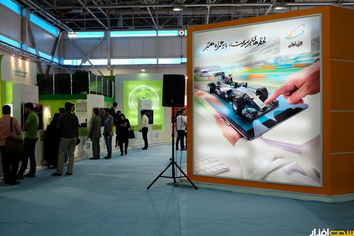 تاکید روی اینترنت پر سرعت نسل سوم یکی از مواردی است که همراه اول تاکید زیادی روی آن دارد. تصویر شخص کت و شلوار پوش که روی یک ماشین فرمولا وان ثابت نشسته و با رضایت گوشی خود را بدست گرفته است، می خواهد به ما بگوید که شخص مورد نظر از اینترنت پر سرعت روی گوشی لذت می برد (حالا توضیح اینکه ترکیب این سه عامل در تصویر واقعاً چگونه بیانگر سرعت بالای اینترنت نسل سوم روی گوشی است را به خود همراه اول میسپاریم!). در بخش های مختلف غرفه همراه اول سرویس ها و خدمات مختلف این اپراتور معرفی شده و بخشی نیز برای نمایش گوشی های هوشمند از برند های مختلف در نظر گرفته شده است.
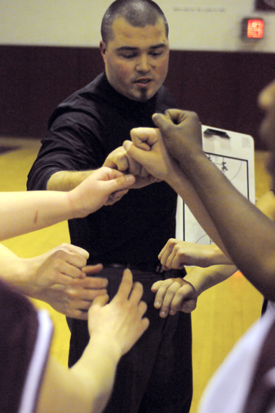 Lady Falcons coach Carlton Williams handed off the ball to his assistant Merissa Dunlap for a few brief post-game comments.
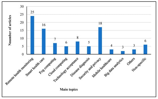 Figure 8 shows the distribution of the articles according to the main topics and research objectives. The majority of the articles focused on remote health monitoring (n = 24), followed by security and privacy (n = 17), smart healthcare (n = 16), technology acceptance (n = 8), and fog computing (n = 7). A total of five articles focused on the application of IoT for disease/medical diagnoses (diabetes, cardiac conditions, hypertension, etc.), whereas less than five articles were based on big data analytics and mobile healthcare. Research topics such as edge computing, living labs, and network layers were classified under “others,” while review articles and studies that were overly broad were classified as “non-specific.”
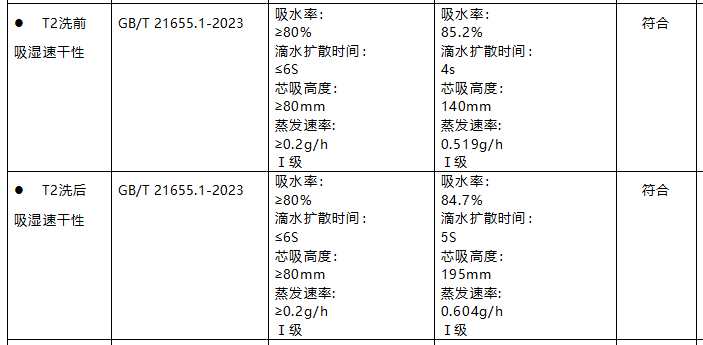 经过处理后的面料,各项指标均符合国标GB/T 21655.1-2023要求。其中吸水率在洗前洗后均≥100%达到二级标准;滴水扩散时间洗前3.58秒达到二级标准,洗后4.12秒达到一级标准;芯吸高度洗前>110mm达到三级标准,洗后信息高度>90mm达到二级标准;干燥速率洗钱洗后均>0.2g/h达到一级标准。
• • •
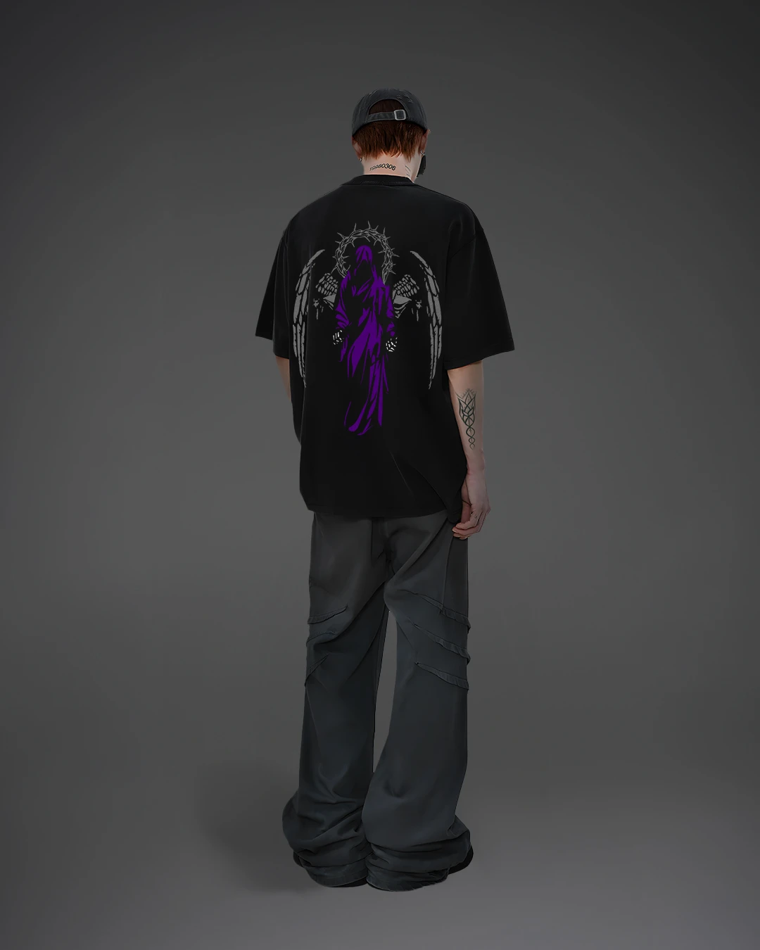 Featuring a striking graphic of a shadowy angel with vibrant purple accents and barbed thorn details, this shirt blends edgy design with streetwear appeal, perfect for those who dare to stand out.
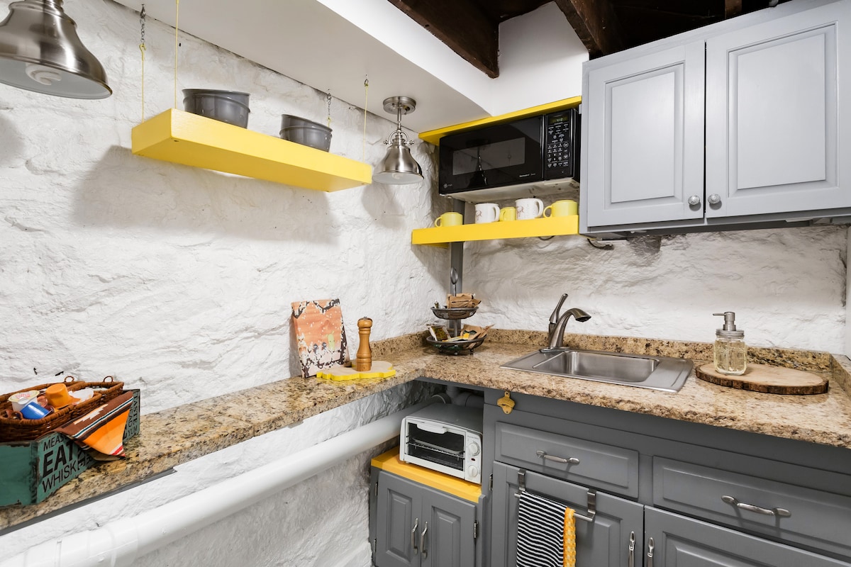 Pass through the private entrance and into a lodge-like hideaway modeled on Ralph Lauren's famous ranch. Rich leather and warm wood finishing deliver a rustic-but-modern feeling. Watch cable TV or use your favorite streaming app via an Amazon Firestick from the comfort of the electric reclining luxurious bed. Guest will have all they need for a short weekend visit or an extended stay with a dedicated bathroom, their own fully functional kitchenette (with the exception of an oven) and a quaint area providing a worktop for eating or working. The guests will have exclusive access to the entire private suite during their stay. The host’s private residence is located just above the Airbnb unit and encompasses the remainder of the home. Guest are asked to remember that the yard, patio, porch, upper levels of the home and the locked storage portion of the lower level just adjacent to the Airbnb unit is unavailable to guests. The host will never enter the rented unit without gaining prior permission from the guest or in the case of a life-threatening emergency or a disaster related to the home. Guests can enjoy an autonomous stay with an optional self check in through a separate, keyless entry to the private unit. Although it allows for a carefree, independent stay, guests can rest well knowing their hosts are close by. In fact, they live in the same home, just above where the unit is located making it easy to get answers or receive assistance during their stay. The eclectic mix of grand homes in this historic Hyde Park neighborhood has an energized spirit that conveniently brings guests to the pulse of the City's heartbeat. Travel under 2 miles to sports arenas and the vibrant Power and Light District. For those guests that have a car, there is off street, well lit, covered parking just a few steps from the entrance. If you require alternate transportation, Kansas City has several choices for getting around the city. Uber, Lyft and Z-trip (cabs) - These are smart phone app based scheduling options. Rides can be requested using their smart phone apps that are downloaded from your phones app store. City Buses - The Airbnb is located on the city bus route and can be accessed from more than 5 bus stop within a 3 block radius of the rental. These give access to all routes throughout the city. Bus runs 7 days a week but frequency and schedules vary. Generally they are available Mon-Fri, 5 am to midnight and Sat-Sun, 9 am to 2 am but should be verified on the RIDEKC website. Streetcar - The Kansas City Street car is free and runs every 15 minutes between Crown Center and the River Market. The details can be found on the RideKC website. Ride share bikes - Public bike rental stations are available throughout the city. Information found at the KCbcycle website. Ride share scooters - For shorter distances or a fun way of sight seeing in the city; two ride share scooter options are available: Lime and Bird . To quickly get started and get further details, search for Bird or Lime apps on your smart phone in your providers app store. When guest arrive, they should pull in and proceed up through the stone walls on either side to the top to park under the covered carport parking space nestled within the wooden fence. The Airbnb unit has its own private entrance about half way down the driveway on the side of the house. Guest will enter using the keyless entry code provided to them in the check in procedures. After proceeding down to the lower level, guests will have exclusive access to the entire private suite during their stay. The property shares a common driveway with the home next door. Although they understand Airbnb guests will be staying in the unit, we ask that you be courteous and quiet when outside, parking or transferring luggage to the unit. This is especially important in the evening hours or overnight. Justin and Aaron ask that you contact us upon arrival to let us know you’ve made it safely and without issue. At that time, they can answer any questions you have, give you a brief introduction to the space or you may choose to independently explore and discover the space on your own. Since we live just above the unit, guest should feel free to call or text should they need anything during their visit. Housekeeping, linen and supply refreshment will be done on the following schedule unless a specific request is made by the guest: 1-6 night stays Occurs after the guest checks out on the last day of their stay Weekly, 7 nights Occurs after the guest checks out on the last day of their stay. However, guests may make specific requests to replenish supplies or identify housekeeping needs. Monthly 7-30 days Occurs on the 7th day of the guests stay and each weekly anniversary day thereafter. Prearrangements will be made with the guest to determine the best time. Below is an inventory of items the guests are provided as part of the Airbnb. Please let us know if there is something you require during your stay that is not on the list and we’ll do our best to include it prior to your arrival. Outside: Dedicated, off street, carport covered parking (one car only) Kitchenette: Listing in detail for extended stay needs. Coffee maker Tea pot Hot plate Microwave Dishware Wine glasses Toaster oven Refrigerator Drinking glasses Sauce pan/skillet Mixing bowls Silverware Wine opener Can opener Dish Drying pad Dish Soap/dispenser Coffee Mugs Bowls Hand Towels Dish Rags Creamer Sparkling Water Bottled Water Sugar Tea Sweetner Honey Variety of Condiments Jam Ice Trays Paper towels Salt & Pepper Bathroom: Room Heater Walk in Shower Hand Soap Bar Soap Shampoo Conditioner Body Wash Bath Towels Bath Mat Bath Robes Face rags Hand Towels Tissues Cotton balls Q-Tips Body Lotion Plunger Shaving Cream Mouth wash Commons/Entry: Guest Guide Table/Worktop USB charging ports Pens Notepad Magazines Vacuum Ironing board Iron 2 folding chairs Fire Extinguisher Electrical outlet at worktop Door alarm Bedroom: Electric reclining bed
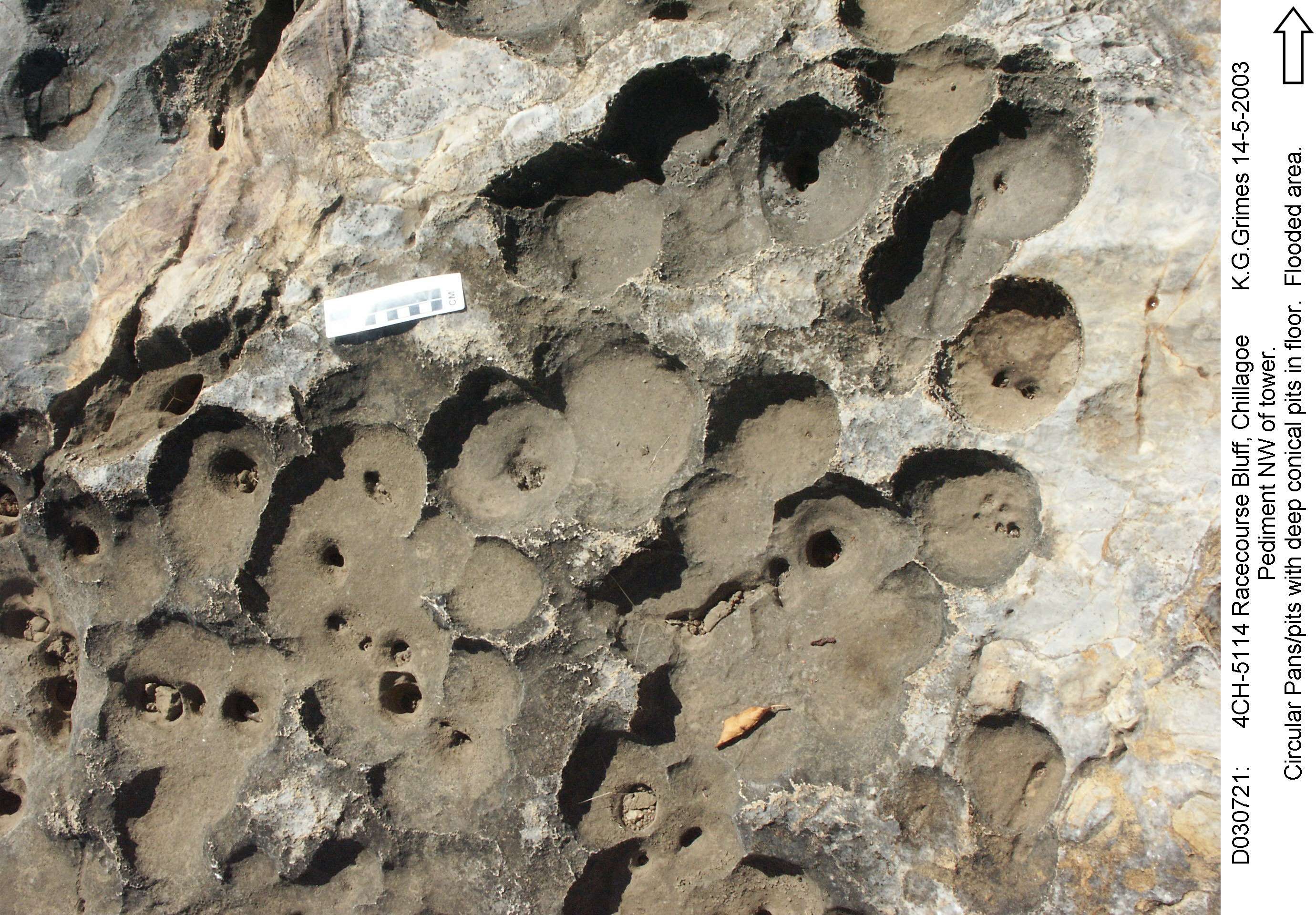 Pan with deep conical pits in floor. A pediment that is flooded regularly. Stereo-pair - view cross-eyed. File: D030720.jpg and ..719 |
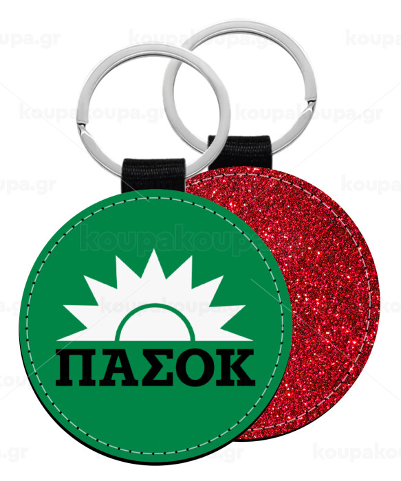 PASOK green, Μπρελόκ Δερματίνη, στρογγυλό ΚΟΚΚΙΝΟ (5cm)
• • •
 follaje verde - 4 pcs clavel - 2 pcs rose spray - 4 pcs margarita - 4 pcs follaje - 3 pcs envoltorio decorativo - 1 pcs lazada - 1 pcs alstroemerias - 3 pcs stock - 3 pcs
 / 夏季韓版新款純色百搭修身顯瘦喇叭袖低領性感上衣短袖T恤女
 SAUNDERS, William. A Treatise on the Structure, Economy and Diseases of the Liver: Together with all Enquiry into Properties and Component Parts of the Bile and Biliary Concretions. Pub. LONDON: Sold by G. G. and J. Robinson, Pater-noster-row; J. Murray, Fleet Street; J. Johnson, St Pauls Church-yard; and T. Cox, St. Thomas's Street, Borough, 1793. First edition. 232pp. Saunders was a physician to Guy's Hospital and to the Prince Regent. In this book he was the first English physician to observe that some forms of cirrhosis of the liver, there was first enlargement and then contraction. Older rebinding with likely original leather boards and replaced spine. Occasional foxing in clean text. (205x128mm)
• • •
#### PROBLEM
With pictures excluded, reproduce exactly the lines above from the one containing "تاکید روی اینترنت" down to the one containing "Lady Falcons coach", those two included.

#### TASK RESULT
 تاکید روی اینترنت پر سرعت نسل سوم یکی از مواردی است که همراه اول تاکید زیادی روی آن دارد. تصویر شخص کت و شلوار پوش که روی یک ماشین فرمولا وان ثابت نشسته و با رضایت گوشی خود را بدست گرفته است، می خواهد به ما بگوید که شخص مورد نظر از اینترنت پر سرعت روی گوشی لذت می برد (حالا توضیح اینکه ترکیب این سه عامل در تصویر واقعاً چگونه بیانگر سرعت بالای اینترنت نسل سوم روی گوشی است را به خود همراه اول میسپاریم!). در بخش های مختلف غرفه همراه اول سرویس ها و خدمات مختلف این اپراتور معرفی شده و بخشی نیز برای نمایش گوشی های هوشمند از برند های مختلف در نظر گرفته شده است.
 Lady Falcons coach Carlton Williams handed off the ball to his assistant Merissa Dunlap for a few brief post-game comments.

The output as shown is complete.